Колька снова открыл глаза и тяжело дыша, глядел на серый близкий потолок. Что-то ворочалось у него в груди, и он не мог понять, что это – тоска, злость, боль или ярость? Он громко всхлипнул, сжал кулаки и со всей силы стал биться лбом о стену. Занавеска отдёрнулась, и отец, встав на приступок, схватил сына за плечо: «Кольша! Кольша, ты чего?..» Тот вцепился в его руку, хрипло шепча: «Ой, тятька…страшное приснилось…» Отец легонько сжал Колькину ладонь: «Ну, всё, всё…Кольша, всё хорошо…» - подождал, пока тот задышал ровно и успокоился. Потом, высвободив руку, чуть взъерошил сыновний затылок и с какой-то горечью в голосе тихо произнёс: «Эх, брат… тебе-то с чего страшное снится, а?..» Вздохнул, спустился с приступки, взял с кухонной полки кисет и спички, тихо вышел на крыльцо. Колька – за ним, сел рядом, привалился к пустому рукаву и так, молча, долго сидели они на ступеньке, пока мать не позвала к столу.

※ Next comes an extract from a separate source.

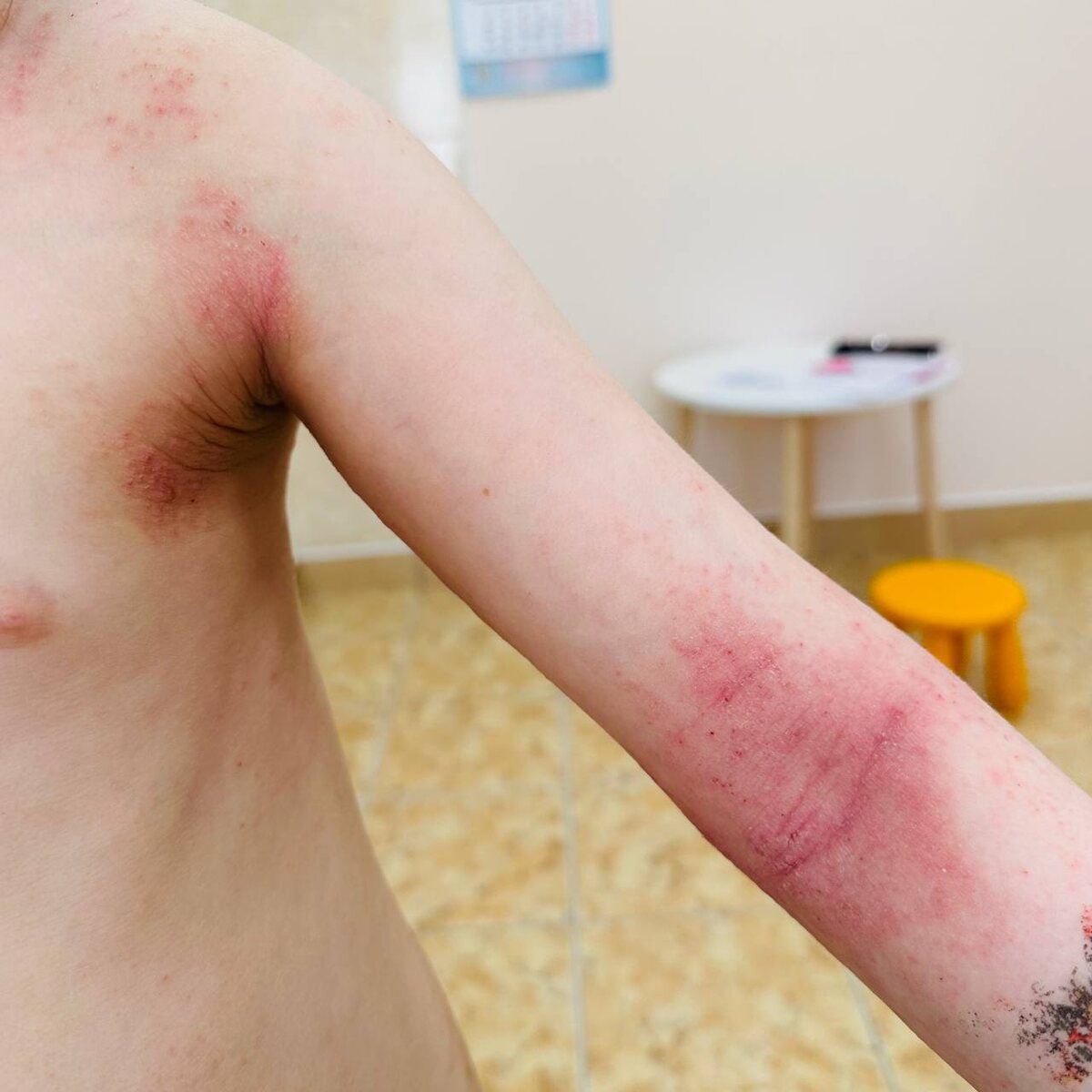 На фото ребенок с тяжелым неконтролируемым течением атопического дерматита

С утра Колька показался на складе, потом напросился в помощники к деду Филимону и весь день они работали бок о бок – возили воду на ферму. Ему – с одной стороны – было спокойнее, что он не видит своего обидчика, а с другой – какая-то тяжесть давила его, не давала радоваться погожему дню, хорошим новостям с фронта и забористым филимоновским шуткам. Уже вечером, когда везли последнюю наполненную бочку и проезжали как раз мимо дома, паренёк вдруг сорвался с места и крикнув деду: «Я сейчас! Догоню!» - скрылся за воротами. Через полминуты, держа одну руку в кармане, догнал телегу и на ходу заскочил в неё. Закончив на ферме все дела, дед Филимон отпустил Кольку, и тот прямым ходом помчался на мельницу. Мальчишки были там и о чём-то говорили, но, увидев подошедшего, примолкли. У Кольки сердце колотилось где-то в горле, но он, не выдавая волнения, посмотрел Веньке в глаза. Тот, упрямо сжав губы, взгляда не отвёл. Колька, доставая руку из кармана, сделал два быстрых шага к старой каменной стене, и со всего размаха бросил часы о серый выщербленный камень. Осколки мелкими градинками полетели в разные стороны. Мальчишки как один вскрикнули, вскочили на ноги, Санёк пошарил в траве и с листом подорожника кинулся к Кольке – тому осколком чиркнуло по левой щиколотке, и капелька крови медленно стекала на пятку. Венька ошарашенно бормотал: «Ты чего?.. Зачем ты?.. Во дурак…» Санька тем временем послюнявил подорожник, сел на корточки и залепил маленькую ранку на Колькиной ноге. И тут увидел лежащий совсем близко от него чёрный ремешок с циферблатом, на котором остались только цифры и название – Zenith. Не отрывая взгляда от иностранных букв, мальчишка правой рукой нашарил на земле камень, медленно поднял его, а потом с силой ударил по чёрному циферблату. И ещё! И ещё! Ремешок лопнул, на стальном искорёженном кругляше уже не было видно ни цифр, ни букв, а Санька всё бил и бил, с яростью выкрикивая сквозь слёзы: «Вот тебе, фашист проклятый!.. Вот тебе!» Потом, выкричав всю свою боль, отбросил камень, тяжело дыша, боком приткнулся к уцелевшей части стены и, утерев нос рукавом, затих. Пацаны молча сгребли стеклянные осколки, вместе с землёй и пылью ссыпали их в узкую щель под самой стеной, туда же бросили то, что осталось от циферблата и ремешка.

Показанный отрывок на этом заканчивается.